● ASSIGNMENT:
Within the listing below, give again exactly the lines between the one containing "4.主衛(wèi)改變門洞方" and the one containing "1月21日上午,物理与电子学", inclusive, pictures left aside.

● MATERIAL SUPPLIED:

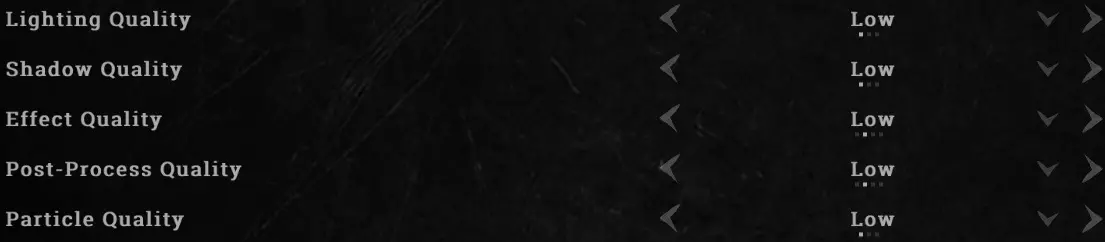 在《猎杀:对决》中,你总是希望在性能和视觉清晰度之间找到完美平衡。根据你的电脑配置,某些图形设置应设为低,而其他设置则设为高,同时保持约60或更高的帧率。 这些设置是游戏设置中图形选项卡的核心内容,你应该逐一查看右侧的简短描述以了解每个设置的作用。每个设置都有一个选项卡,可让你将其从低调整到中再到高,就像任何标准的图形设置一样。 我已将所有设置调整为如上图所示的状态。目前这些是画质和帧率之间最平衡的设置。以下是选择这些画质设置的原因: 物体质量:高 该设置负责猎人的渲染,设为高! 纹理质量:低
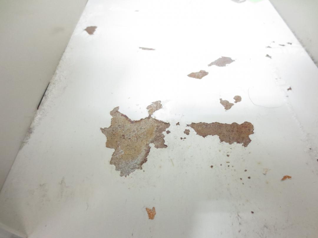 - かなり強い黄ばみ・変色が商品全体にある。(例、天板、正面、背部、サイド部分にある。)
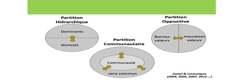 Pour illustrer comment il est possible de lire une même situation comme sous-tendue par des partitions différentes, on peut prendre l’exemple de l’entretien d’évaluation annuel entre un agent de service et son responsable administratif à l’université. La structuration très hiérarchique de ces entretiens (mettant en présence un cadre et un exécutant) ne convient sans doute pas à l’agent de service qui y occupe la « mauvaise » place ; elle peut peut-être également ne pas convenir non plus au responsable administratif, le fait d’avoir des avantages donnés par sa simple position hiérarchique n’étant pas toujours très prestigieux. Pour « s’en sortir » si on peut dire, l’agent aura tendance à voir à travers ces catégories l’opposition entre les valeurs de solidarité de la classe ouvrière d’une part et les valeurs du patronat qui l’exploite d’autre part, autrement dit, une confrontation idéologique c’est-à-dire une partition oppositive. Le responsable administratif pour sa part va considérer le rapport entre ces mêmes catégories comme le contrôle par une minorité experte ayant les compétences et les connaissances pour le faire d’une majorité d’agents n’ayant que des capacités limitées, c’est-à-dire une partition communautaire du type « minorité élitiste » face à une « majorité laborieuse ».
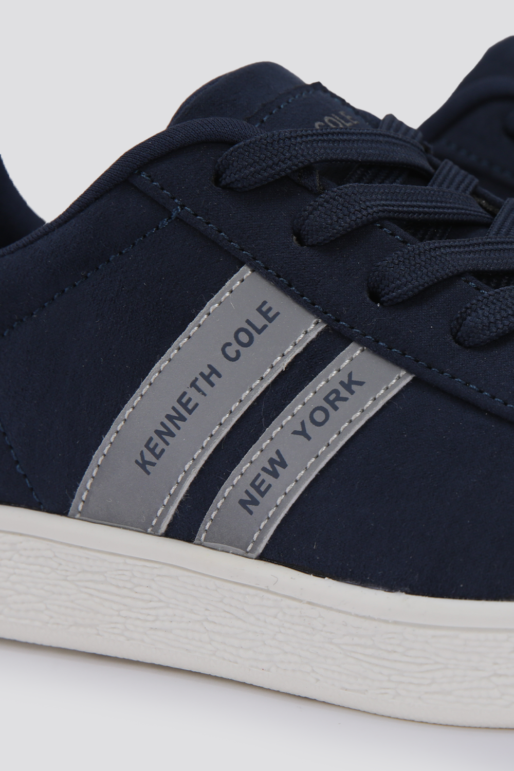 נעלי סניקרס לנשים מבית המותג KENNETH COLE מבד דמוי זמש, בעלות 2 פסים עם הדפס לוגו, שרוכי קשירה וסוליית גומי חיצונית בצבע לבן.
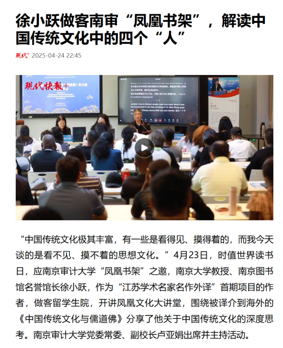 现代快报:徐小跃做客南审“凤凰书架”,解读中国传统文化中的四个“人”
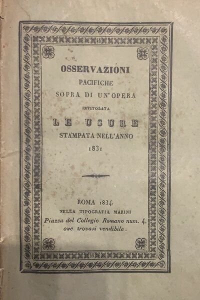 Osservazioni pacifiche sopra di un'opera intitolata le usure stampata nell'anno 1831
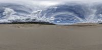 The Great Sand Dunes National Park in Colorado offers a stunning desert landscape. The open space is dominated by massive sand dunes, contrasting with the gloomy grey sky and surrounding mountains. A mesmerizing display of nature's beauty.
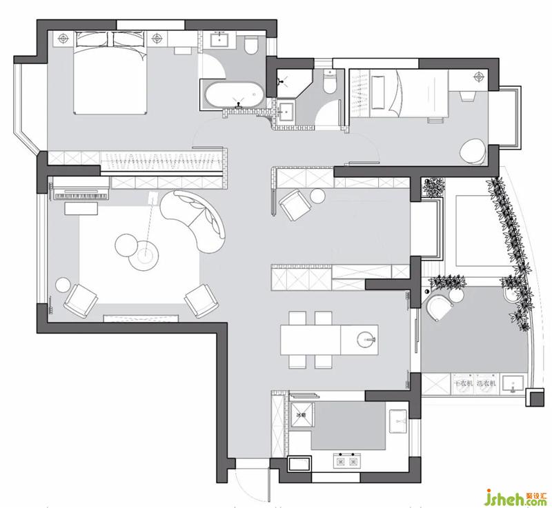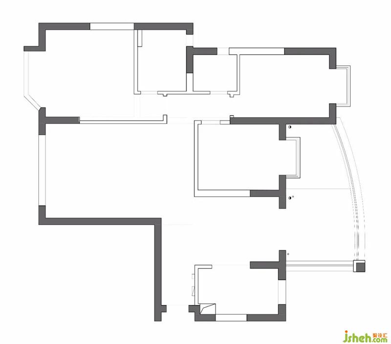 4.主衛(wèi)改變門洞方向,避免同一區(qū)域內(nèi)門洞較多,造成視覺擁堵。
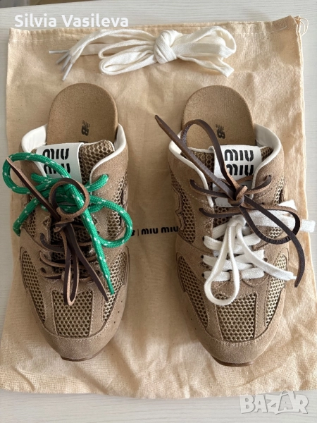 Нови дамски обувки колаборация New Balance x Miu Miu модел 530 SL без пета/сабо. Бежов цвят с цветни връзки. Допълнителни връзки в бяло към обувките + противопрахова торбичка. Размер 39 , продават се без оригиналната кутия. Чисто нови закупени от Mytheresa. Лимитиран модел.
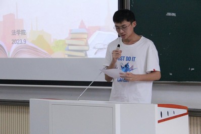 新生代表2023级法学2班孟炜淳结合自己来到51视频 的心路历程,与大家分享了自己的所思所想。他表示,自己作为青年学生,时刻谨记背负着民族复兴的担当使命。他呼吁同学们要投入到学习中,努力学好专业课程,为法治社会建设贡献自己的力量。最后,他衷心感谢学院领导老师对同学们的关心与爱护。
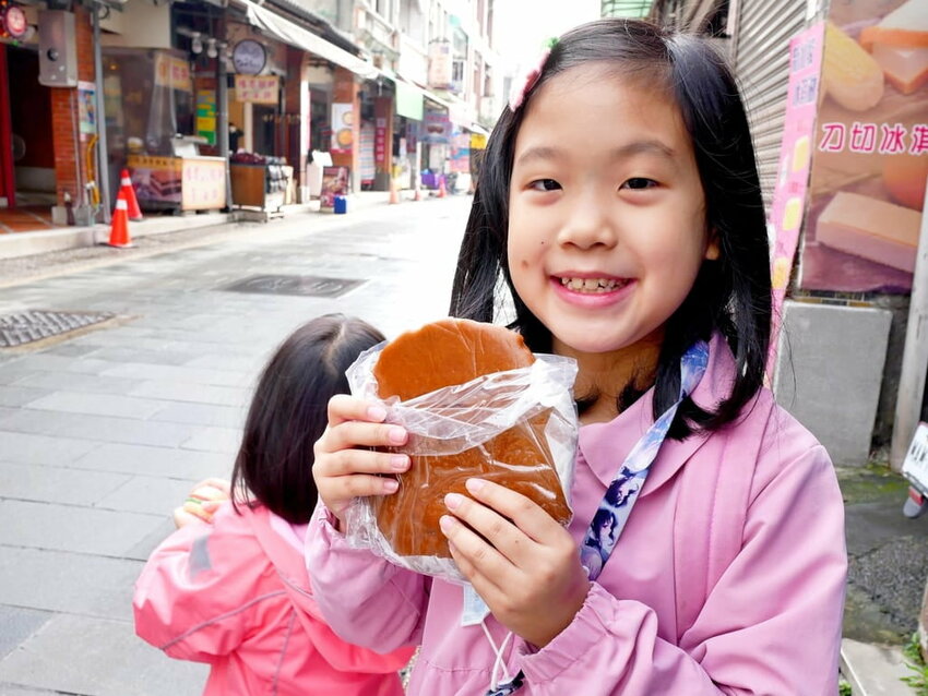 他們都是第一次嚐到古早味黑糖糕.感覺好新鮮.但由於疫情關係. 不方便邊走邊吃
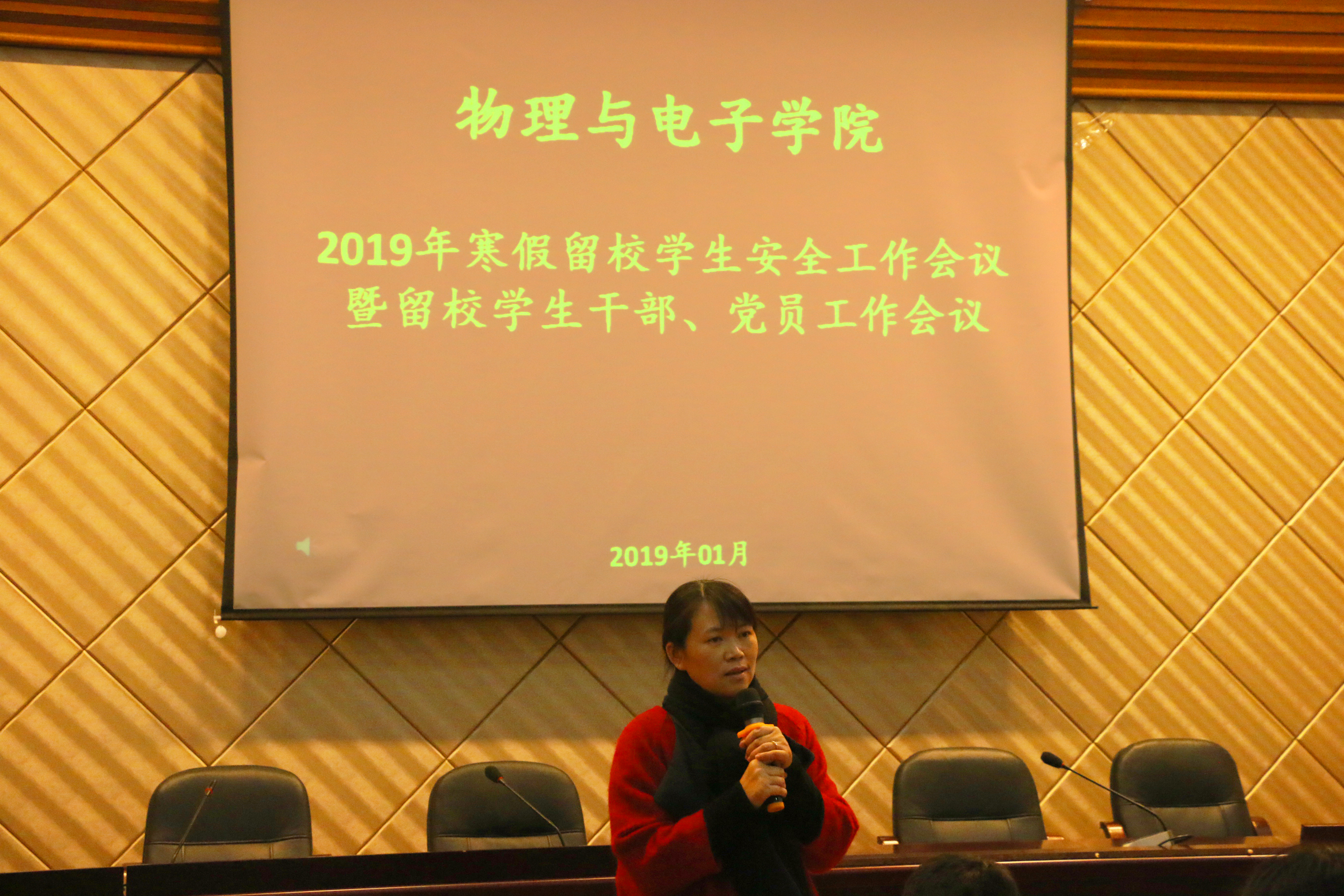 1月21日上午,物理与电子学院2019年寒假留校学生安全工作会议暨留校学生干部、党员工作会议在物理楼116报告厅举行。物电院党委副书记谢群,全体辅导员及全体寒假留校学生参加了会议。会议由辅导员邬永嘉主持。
---
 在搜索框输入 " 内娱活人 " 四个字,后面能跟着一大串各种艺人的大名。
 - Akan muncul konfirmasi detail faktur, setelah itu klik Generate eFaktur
--
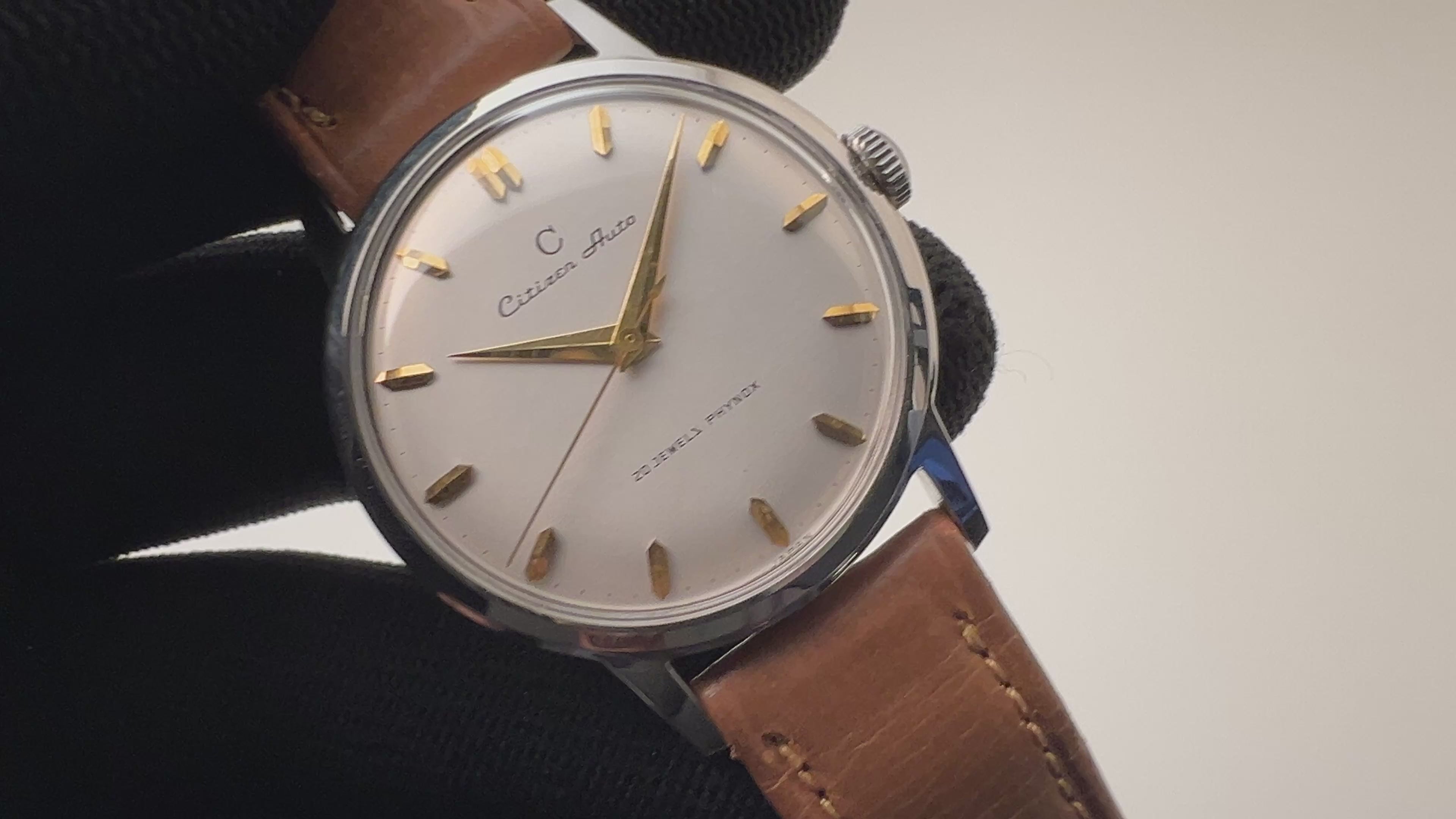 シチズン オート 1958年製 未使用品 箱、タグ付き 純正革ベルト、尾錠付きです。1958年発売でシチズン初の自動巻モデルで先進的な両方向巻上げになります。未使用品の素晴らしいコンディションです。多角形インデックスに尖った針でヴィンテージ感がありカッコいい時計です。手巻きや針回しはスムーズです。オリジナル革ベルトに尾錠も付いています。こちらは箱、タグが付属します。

● WRITTEN RESPONSE:
 4.主衛(wèi)改變門洞方向,避免同一區(qū)域內(nèi)門洞較多,造成視覺擁堵。
 Нови дамски обувки колаборация New Balance x Miu Miu модел 530 SL без пета/сабо. Бежов цвят с цветни връзки. Допълнителни връзки в бяло към обувките + противопрахова торбичка. Размер 39 , продават се без оригиналната кутия. Чисто нови закупени от Mytheresa. Лимитиран модел.
 新生代表2023级法学2班孟炜淳结合自己来到51视频 的心路历程,与大家分享了自己的所思所想。他表示,自己作为青年学生,时刻谨记背负着民族复兴的担当使命。他呼吁同学们要投入到学习中,努力学好专业课程,为法治社会建设贡献自己的力量。最后,他衷心感谢学院领导老师对同学们的关心与爱护。
 他們都是第一次嚐到古早味黑糖糕.感覺好新鮮.但由於疫情關係. 不方便邊走邊吃
 1月21日上午,物理与电子学院2019年寒假留校学生安全工作会议暨留校学生干部、党员工作会议在物理楼116报告厅举行。物电院党委副书记谢群,全体辅导员及全体寒假留校学生参加了会议。会议由辅导员邬永嘉主持。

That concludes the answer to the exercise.